• [Exercise] Take the lines from the head of the listing through the one bearing "脱衣室には独立洗面台を完備さ" and copy them exactly, leaving every picture out.

• [Provided data]

______

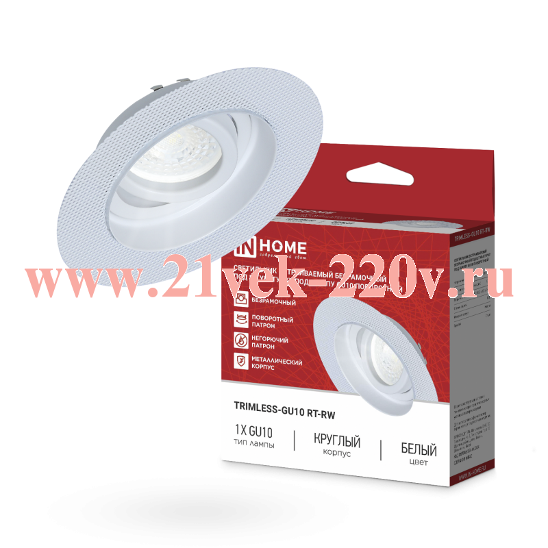 Светильник встраиваемый TRIMLESS-GU10 RT-RW под лампу GU10 пов. безрамочный под штукатурку бел. IN HОМЕ
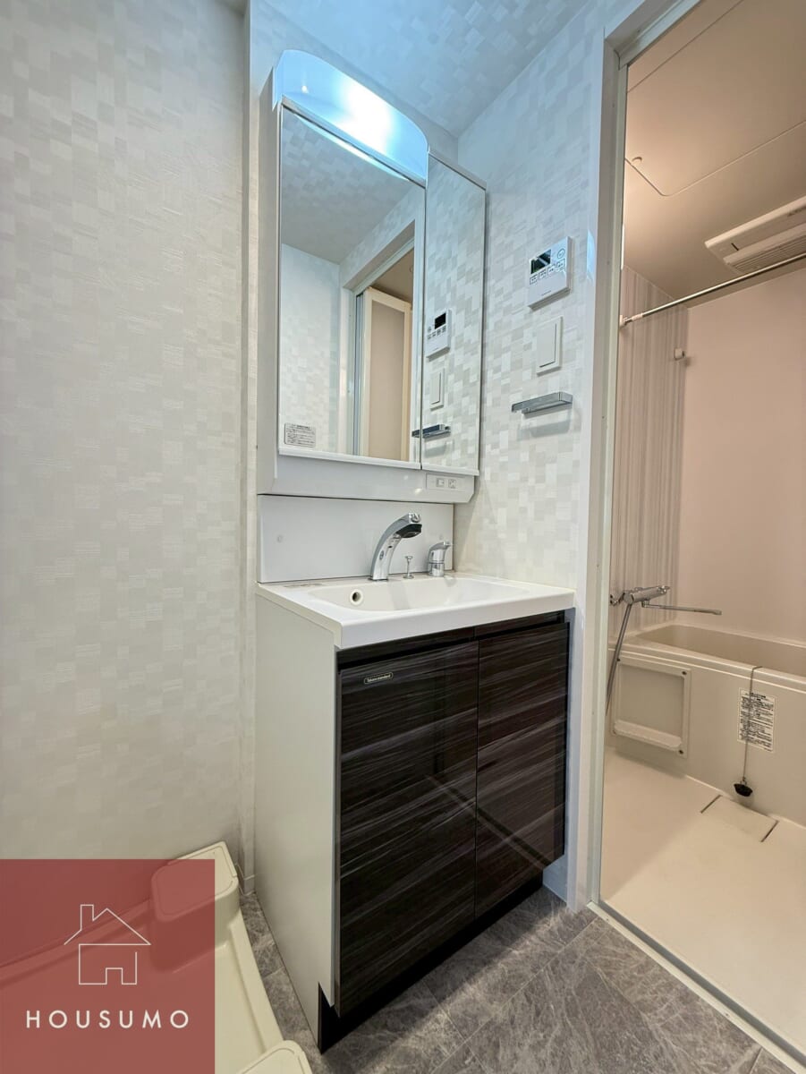 脱衣室には独立洗面台を完備されているので、朝の身支度や帰宅後の手洗い、夜のスキンケアタイムまで、使い勝手がよくストレスのない設計です。鏡裏収納付きですっきりとした清潔感ある見た目に◎脱衣室がしっかりと区切られているので、来客時のプライバシーもしっかりと確保できます。
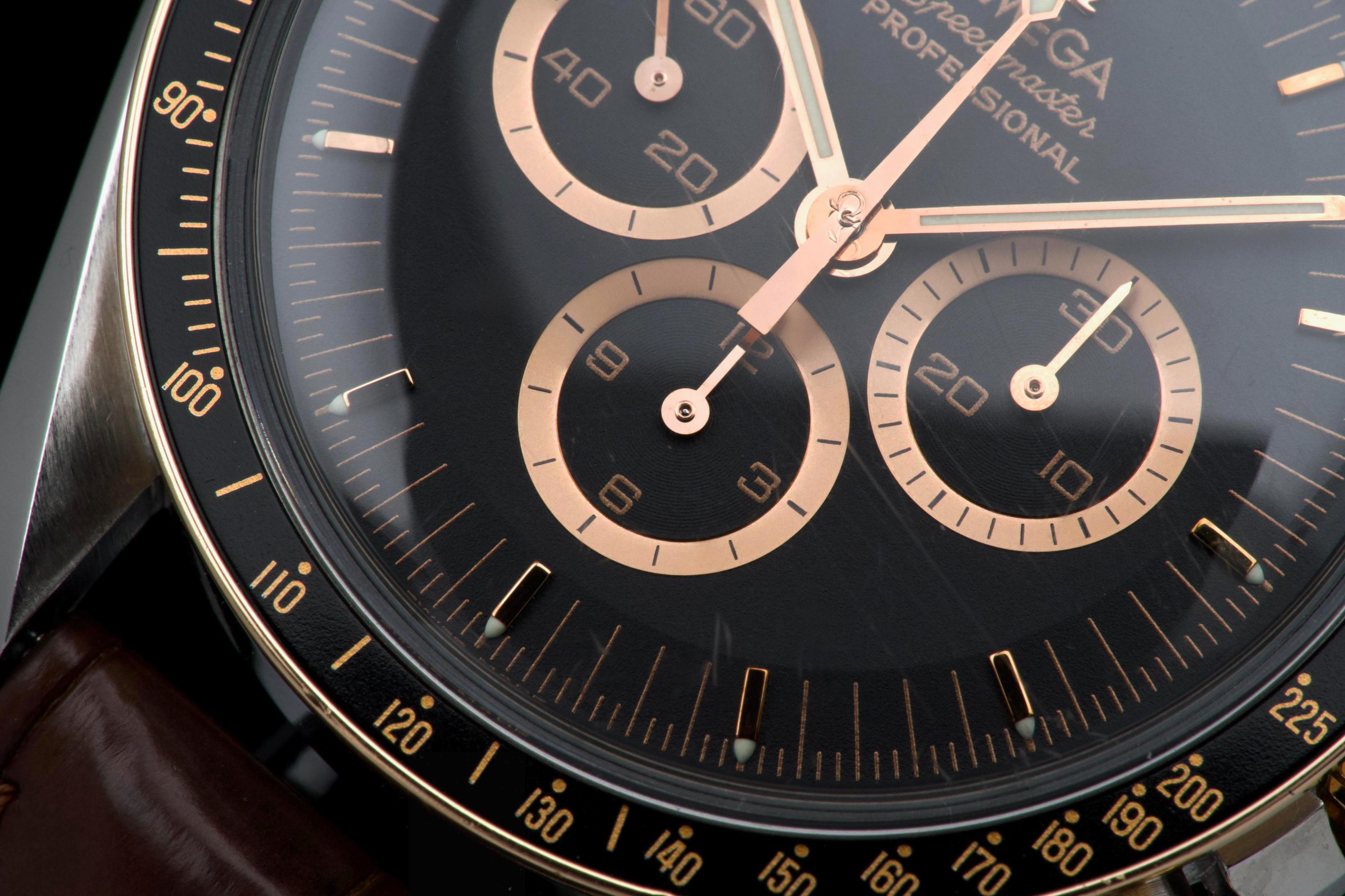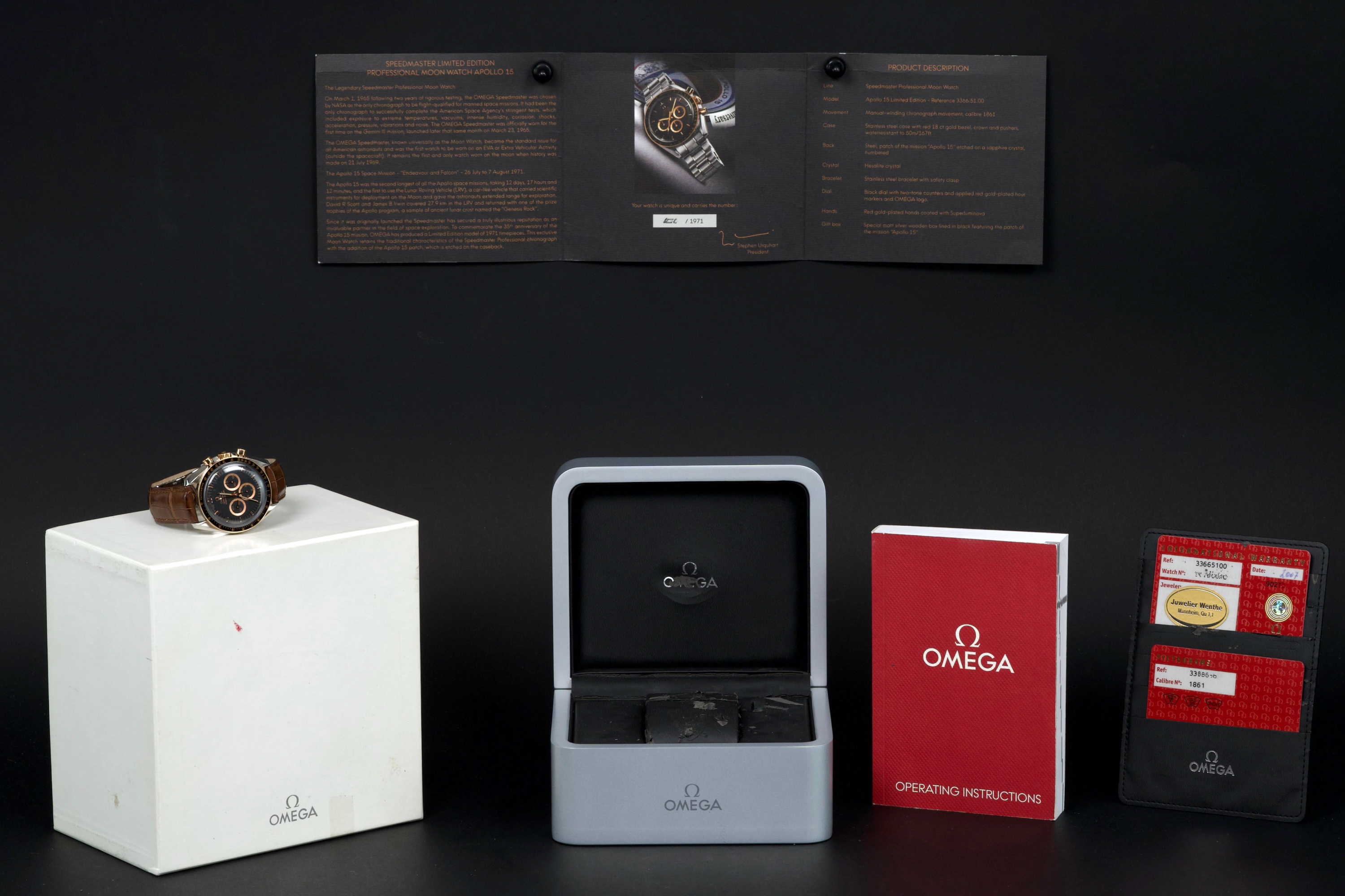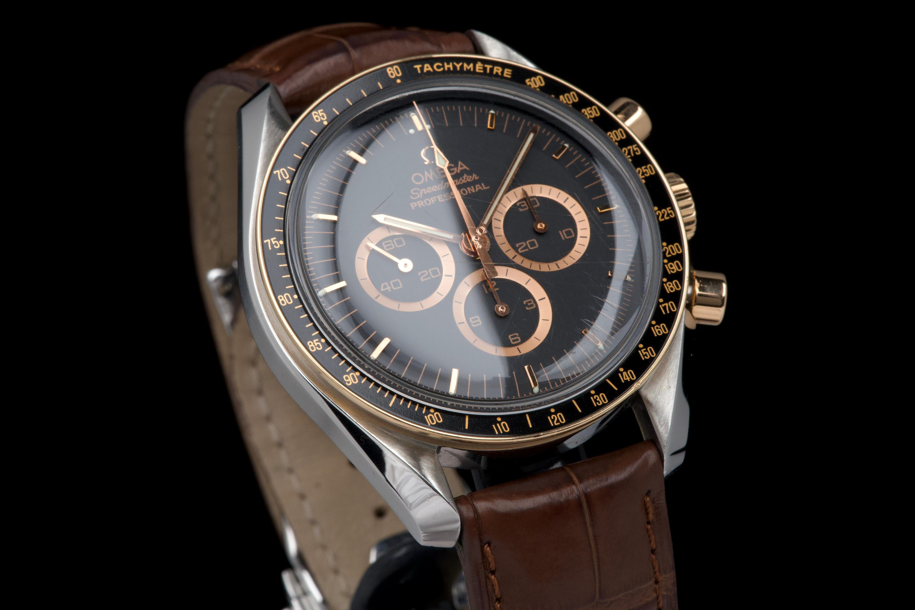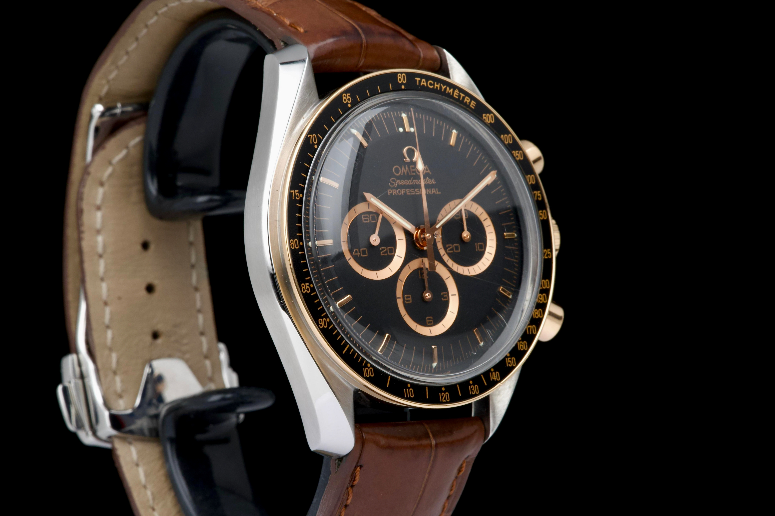 The present Omega Speedmaster Apollo 15 35th Anniversary “Scott–Worden–Irwin”, dating to 2007, is a highly collectible limited-edition tribute to the historic Apollo 15 mission, offered here with its original box and papers. Produced in a series of 1,971 pieces, a reference to the year of the mission, this model celebrates one of NASA’s most significant lunar expeditions and the first to employ the Lunar Roving Vehicle. The stainless-steel case is preserved in excellent overall condition and appears to have been lightly polished in the past. It shows only very light wear consistent with careful use. The hesalite (plexiglass) crystal displays minor surface scratches, which may be easily polished upon request. The dial remains in superb condition, faithfully echoing the classic Speedmaster Professional aesthetic while incorporating commemorative elements specific to the Apollo 15 edition. The watch is fitted with a brown crocodile leather strap paired with an Omega deployant clasp. No metal bracelet accompanies the watch. While no service history is recorded, the watch is running correctly at the time of cataloguing. Delivered with its original box and warranty papers dated 2007 in Germany, this Apollo 15 35th Anniversary Speedmaster represents a compelling opportunity to acquire a historically significant limited-edition Moonwatch, combining strong condition, desirable provenance, and enduring connection to one of mankind’s greatest achievements.

______

• [Reply to the task]
 Светильник встраиваемый TRIMLESS-GU10 RT-RW под лампу GU10 пов. безрамочный под штукатурку бел. IN HОМЕ
 脱衣室には独立洗面台を完備されているので、朝の身支度や帰宅後の手洗い、夜のスキンケアタイムまで、使い勝手がよくストレスのない設計です。鏡裏収納付きですっきりとした清潔感ある見た目に◎脱衣室がしっかりと区切られているので、来客時のプライバシーもしっかりと確保できます。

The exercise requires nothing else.